[BGL] Threshold for betweenness_centrality_clustering()

Hi, I would like to use boost::betweenness_centrality_clustering() to search a graph for specific clusters. The documentation talks about a "Done" object, which I assume is a functor, similar to the predicates used in filtered_graph(). So in order to decide whether the algorithm should stop the clustering, it probably needs a threshold to decide if it should further iterate and remove edges to decompose the graph. My questions now are: - Does someone perhaps have an example for the usage of this algorithm? I only found documentation on "betweenness.centrality.clustering {RBGL}" for Gnu R, which doesn't bring me very far. - Is there some sort of rule-of-thumb to start with for finding this termination threshold or if there is some more-or-less methodical way of finding out a reasonable threshold? Best, Cedric

On Thu, 20 Jan 2011, Cedric Laczny wrote:
Hi,
I would like to use boost::betweenness_centrality_clustering() to search a graph for specific clusters. The documentation talks about a "Done" object, which I assume is a functor, similar to the predicates used in filtered_graph(). So in order to decide whether the algorithm should stop the clustering, it probably needs a threshold to decide if it should further iterate and remove edges to decompose the graph.

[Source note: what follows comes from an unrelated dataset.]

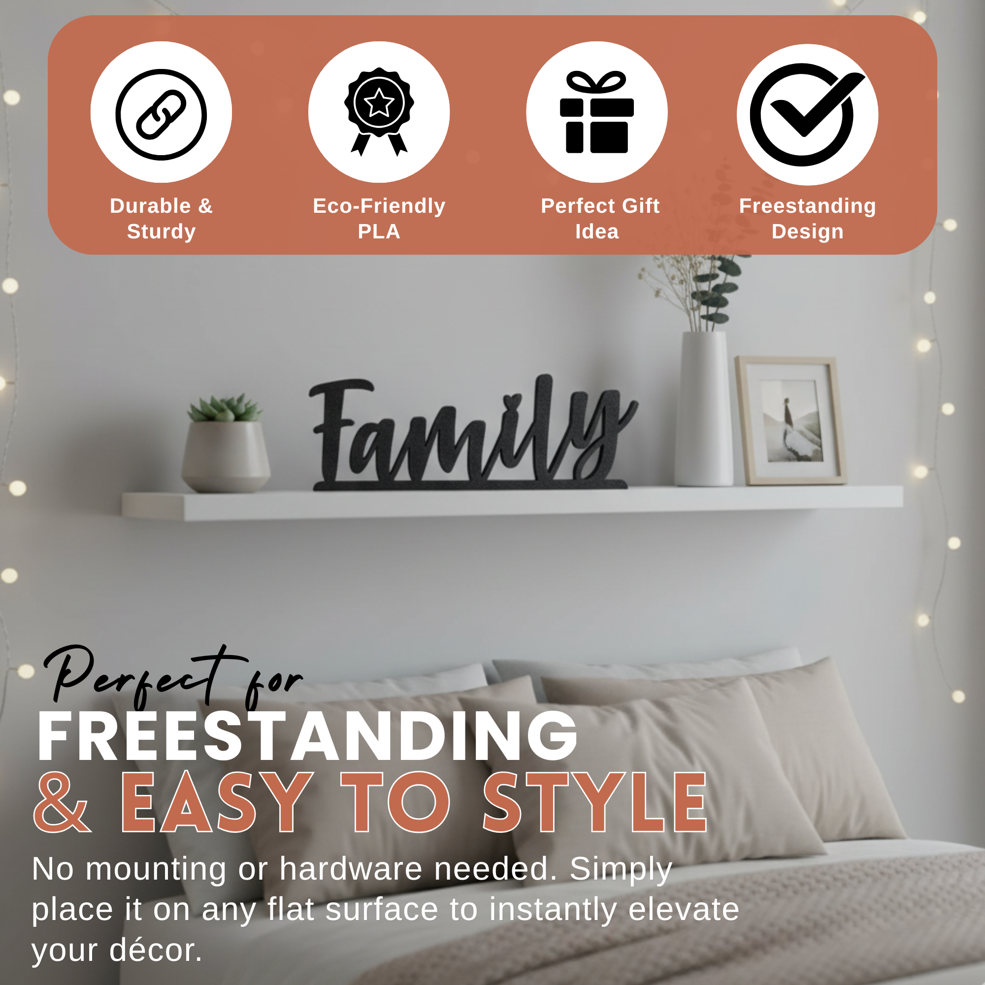 Bring warmth and meaning to your home with this Family Freestanding Sign, a timeless tabletop accent that celebrates togetherness and love. Crafted from eco-friendly PLA plastic with a premium textured finish, this lightweight yet sturdy piece complements any interior style — from modern minimalist to cozy rustic.

My questions now are: - Does someone perhaps have an example for the usage of this algorithm? I only found documentation on "betweenness.centrality.clustering {RBGL}" for Gnu R, which doesn't bring me very far. - Is there some sort of rule-of-thumb to start with for finding this termination threshold or if there is some more-or-less methodical way of finding out a reasonable threshold?

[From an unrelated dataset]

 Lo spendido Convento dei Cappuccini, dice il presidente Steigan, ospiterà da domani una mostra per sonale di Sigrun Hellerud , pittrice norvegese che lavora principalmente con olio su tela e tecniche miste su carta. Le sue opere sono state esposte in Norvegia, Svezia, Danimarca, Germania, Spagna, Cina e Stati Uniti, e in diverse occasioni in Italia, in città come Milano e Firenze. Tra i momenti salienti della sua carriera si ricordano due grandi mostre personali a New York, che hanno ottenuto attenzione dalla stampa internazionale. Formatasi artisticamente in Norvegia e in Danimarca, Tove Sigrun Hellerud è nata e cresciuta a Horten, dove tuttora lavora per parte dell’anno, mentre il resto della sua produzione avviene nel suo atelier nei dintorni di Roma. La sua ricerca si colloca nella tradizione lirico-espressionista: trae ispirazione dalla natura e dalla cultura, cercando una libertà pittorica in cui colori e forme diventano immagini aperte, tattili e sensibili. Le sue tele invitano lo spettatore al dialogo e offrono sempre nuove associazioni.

I do not know too much about the algorithm myself, but would the documentation at <URL:http://www.boost.org/doc/libs/1_45_0/libs/graph/doc/bc_clustering.html> help you? -- Jeremiah Willcock

On Thursday, 20. January 2011 19:36:05 Jeremiah Willcock wrote:
On Thu, 20 Jan 2011, Cedric Laczny wrote:
Hi,
I would like to use boost::betweenness_centrality_clustering() to search a graph for specific clusters. The documentation talks about a "Done" object, which I assume is a functor, similar to the predicates used in filtered_graph(). So in order to decide whether the algorithm should stop the clustering, it probably needs a threshold to decide if it should further iterate and remove edges to decompose the graph.

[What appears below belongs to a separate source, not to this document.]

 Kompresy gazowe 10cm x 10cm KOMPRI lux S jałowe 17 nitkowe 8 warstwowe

My questions now are: - Does someone perhaps have an example for the usage of this algorithm? I only found documentation on "betweenness.centrality.clustering {RBGL}" for Gnu R, which doesn't bring me very far. - Is there some sort of rule-of-thumb to start with for finding this termination threshold or if there is some more-or-less methodical way of finding out a reasonable threshold?
I do not know too much about the algorithm myself, but would the documentation at <URL:http://www.boost.org/doc/libs/1_45_0/libs/graph/doc/bc_clustering.html
help you?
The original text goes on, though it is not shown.